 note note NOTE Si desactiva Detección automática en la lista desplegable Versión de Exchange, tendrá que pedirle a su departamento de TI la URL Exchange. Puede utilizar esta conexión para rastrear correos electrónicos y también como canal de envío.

...

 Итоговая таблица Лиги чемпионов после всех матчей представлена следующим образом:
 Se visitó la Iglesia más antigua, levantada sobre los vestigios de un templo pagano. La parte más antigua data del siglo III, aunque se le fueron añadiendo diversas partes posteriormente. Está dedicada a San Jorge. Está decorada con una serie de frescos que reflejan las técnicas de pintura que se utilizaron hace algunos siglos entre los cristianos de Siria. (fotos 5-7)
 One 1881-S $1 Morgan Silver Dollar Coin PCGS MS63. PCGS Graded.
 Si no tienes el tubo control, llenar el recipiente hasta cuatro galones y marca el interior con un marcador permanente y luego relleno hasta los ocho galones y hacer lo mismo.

Task to carry out.
From the entries above, give again exactly the lines running from the line with "One 1881-S $1" to the line with "Si no tienes"; include both of those lines.

Output below.
 One 1881-S $1 Morgan Silver Dollar Coin PCGS MS63. PCGS Graded.
 Si no tienes el tubo control, llenar el recipiente hasta cuatro galones y marca el interior con un marcador permanente y luego relleno hasta los ocho galones y hacer lo mismo.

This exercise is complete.